To him the life of home was happiest, and either with his family, or amid his books, were passed his happiest hours. He was particularly fond of the French language, and until his mental faculties began to fail him he read almost daily some of the literature of that nation. He entered the communion of the Episcopal church when a young man, and was always scrupulous in the observances of religious worship. He maintained until his last illness the order of family prayer in his household, and was regular in his attendance thereon whenever the time appointed for the service had come. In the latter part of his life he favored the movement known as the Reformed Episcopal church, which was promulgated by the Rev. Dr. Cummins, and, owing to his evangelical ideas, he readily found fellowship and communion with many bodies of Christians.

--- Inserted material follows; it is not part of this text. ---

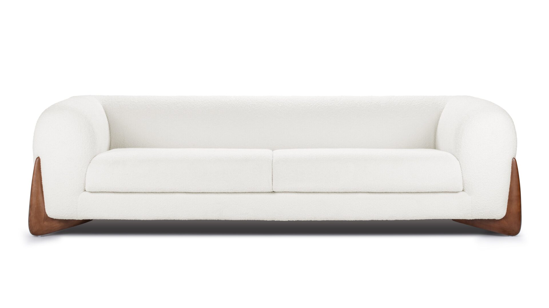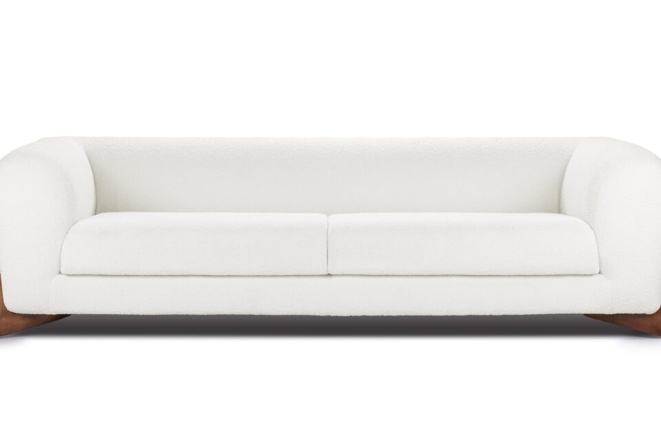 Experience the elegance of the Breton Sofa, crafted with luxurious white bouclé wool upholstery and complemented by elegant walnut legs. This sofa embodies a fusion of opulence and timelessness, delivering a harmonious balance of sophistication and comfort. Treat yourself to the ultimate amalgamation of style and relaxation with the Breton Sofa. Elevate your decor with this outstanding furniture piece that beckons you to relax in elegance.
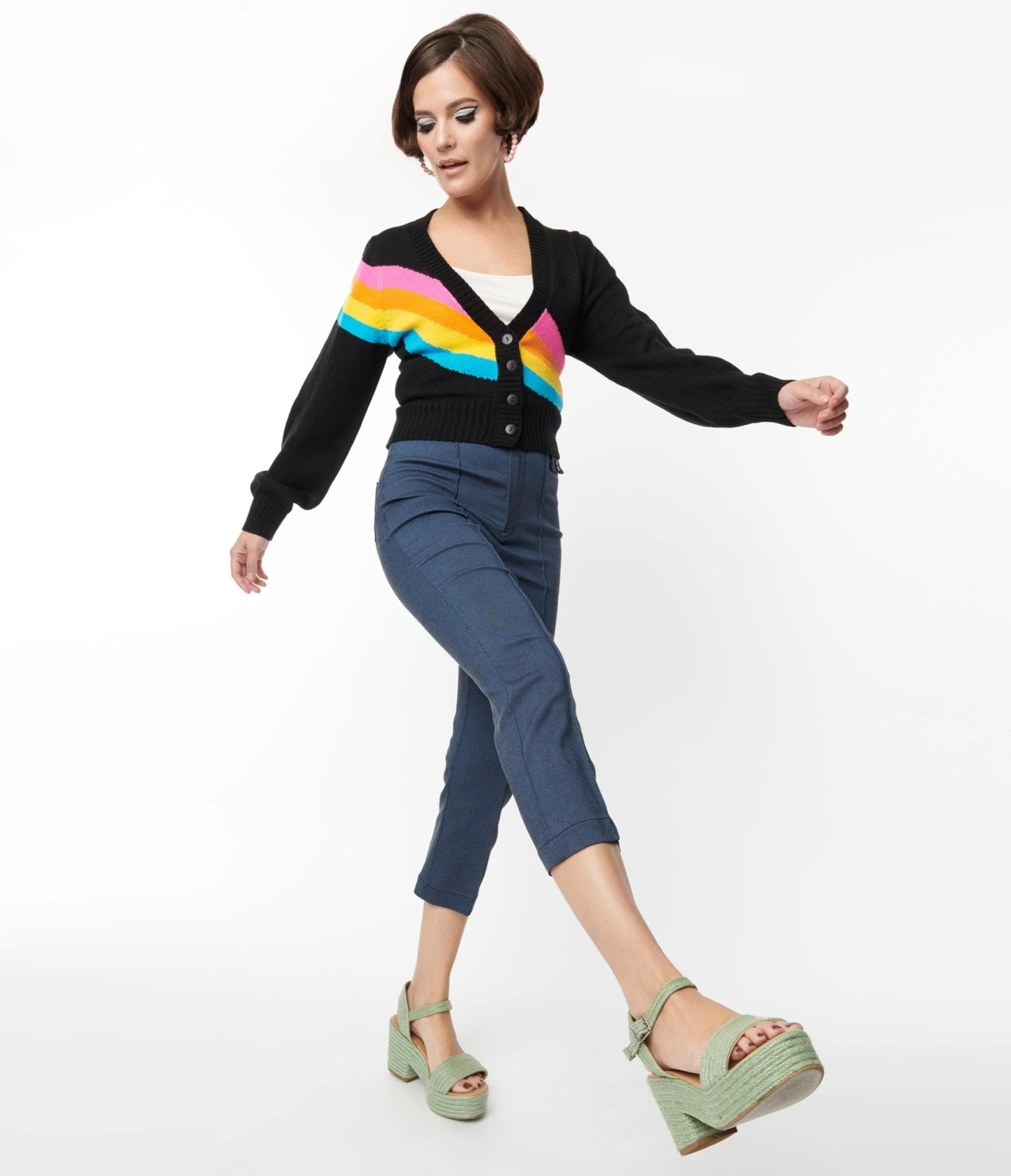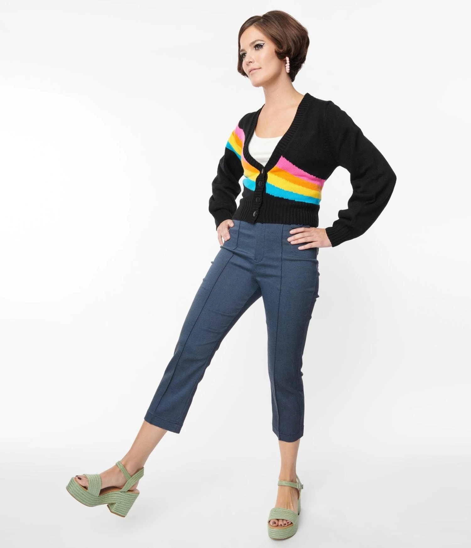 These 1960s style capris are crafted in a fabulous denim colored stretch bengaline fabric, and feature back pockets accented with rainbow embroidery.

His devotional nature found further expansion in the stone church which he erected at Hoosick, and which was in the pastoral care of his son, the Rev. John B. Tibbits. So entirely was he penetrated with the importance of public worship, that he often expressed a belief that great good might be accomplished if a building could be provided devoted to the public service of God and the diffusion of religious knowledge irrespective of any particular creed or form of worship, and open at all proper times for the attendance of the people.

He died in Troy, on Friday, July 19, 1878, at five o'clock in the morning, aged eighty-two years. He left an estate of $2,000,000.

== Sources ==

- Sylvester, Nathaniel Bartlett (1880). History of Rensselaer Co., New York. Philadelphia: Everts & Peck. pp. 89, 192ꜰ–192ɢ.
- "Death of a Troy Millionaire". The New York Times. July 20, 1878. p. 1.